The purpose of this icap-server-opentc is to demonstrate one of the usages of the OpenTC server. In this case, the icap server is used as Data Leak Prevention (DLP). It is listening on the icap server’s default port 1344. The squid-cache is used as the http/s proxy (it can be also any other proxy servers). It is configured to connect to the icap server for the content filtering. Any out going http traffics through the squid proxy will be sent to the icap server, which will then forward it to the OpenTC server. OpenTC server analyses the data and classify it based on the pre-trained data. The result of the text classification is sent back to the icap server, which will decide if the outgoing traffic should be blocked or allowed.
- Python 3.x
- pyicap 1.0b1
- the icap server should monitor the availability of the OpenTC server.
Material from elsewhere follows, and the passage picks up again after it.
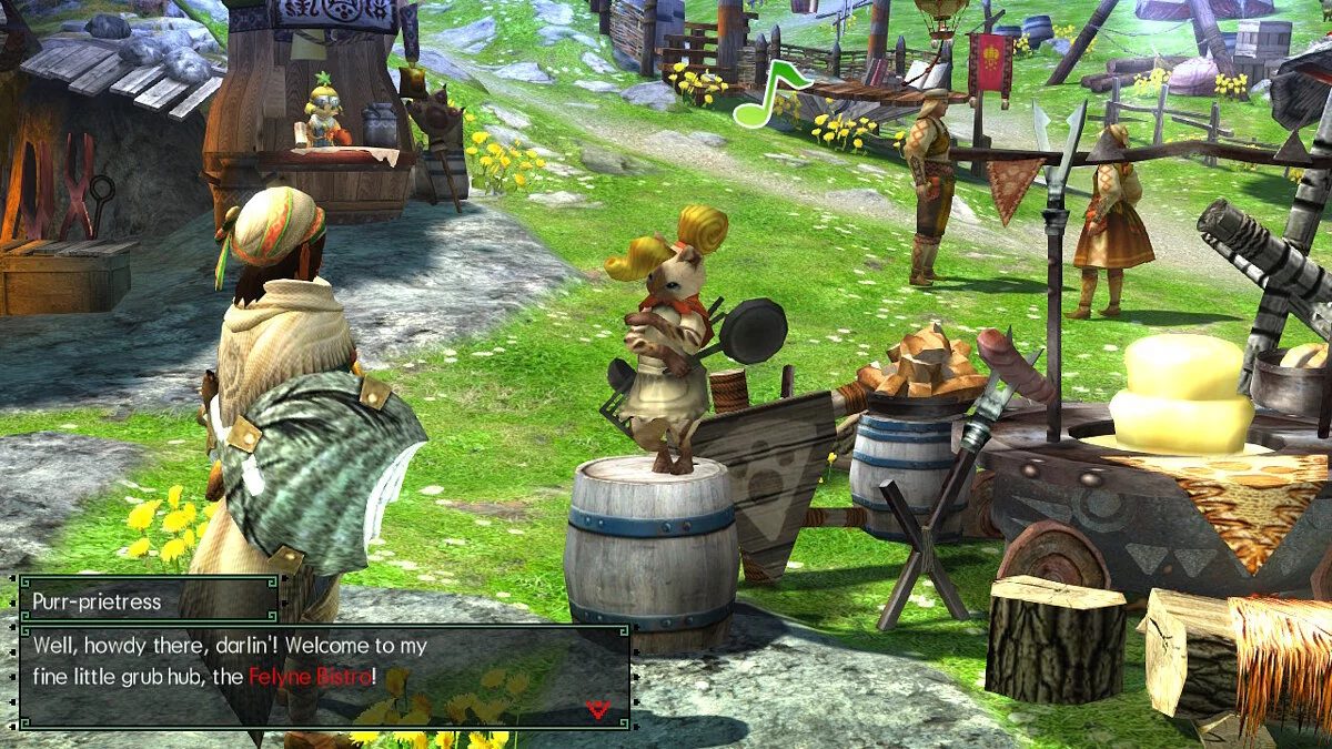 После создания нового персонажа, вас встретит первая игровая деревня. В живописном поселение живут добродушные торговцы, мастера клинков, коты-повара и кузнецы. Со всеми персонажами можно пообщаться и получить от них пересказ курса «Охота на монстров для чайников».

In case it is not up or running, this icap server should try to reconnect it again several times in difference interval (i.e: the interval of the first 3 reconnection could be 10 seconds, and after 3 unsuccessful attempts to reconnect, the interval connection time should be changed to 300 seconds). Currently, the icap server has to be restarted manually after the OpenTC server is died or restarted.
- Currently the decision to take, either the traffic is blocked or allowed, is implemented using manual “for_loop-if-elif” sequences, which maybe not easy to understand or error prone. In the future, the software would use a rule engine (if there is any) to simplify the creation of complex rules.